▶ _Work to complete_: Using the data that follows, give again word for word the lines between the one holding "Tobacco Pocket Tin" and the one holding "JustFab Open Toe", inclusive. Omit the pictures.

▶ _Records for this exercise_:

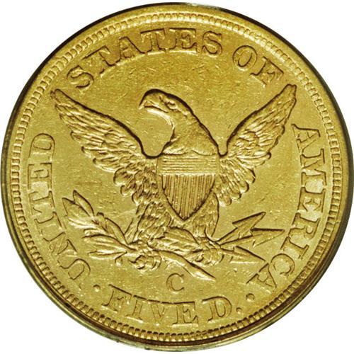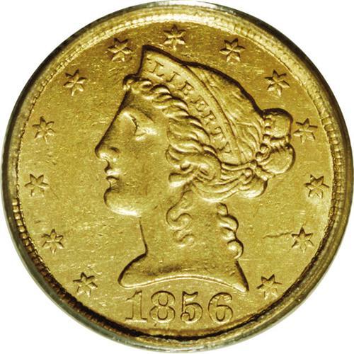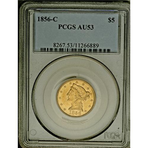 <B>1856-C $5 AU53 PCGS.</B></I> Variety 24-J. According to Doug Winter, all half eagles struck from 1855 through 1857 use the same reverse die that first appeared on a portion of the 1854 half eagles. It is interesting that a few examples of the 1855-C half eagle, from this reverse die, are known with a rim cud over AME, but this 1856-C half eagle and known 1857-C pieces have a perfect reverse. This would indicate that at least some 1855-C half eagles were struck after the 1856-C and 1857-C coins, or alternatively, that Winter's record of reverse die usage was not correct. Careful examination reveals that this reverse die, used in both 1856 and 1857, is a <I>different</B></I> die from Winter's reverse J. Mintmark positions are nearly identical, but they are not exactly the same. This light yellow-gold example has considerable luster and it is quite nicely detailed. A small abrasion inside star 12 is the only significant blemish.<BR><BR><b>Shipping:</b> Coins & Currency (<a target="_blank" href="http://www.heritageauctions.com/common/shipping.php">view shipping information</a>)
---
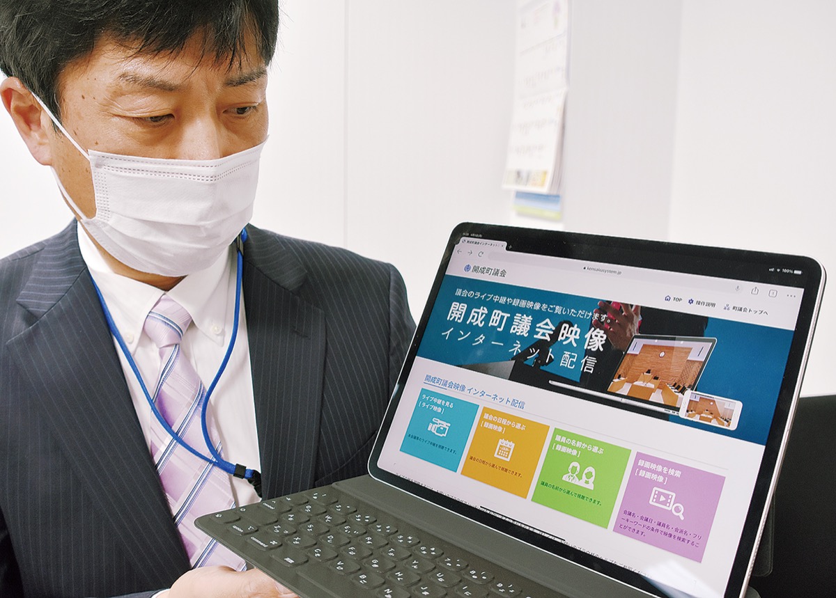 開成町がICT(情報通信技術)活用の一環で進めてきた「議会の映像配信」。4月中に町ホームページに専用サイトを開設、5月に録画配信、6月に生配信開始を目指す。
...
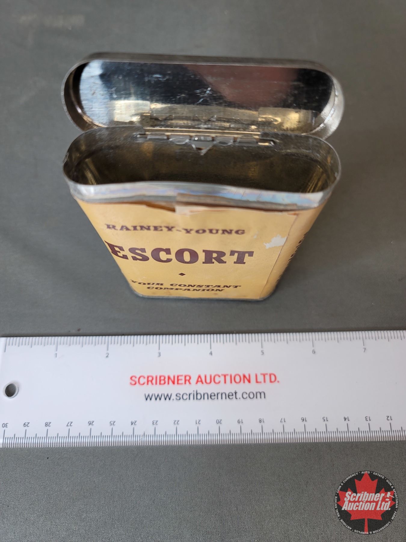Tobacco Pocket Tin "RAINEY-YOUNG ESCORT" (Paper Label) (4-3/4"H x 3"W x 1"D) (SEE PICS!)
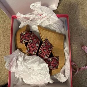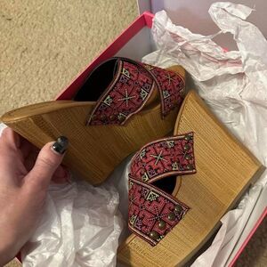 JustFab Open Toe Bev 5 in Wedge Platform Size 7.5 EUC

▶ _Response to the exercise_:
Tobacco Pocket Tin "RAINEY-YOUNG ESCORT" (Paper Label) (4-3/4"H x 3"W x 1"D) (SEE PICS!)
 JustFab Open Toe Bev 5 in Wedge Platform Size 7.5 EUC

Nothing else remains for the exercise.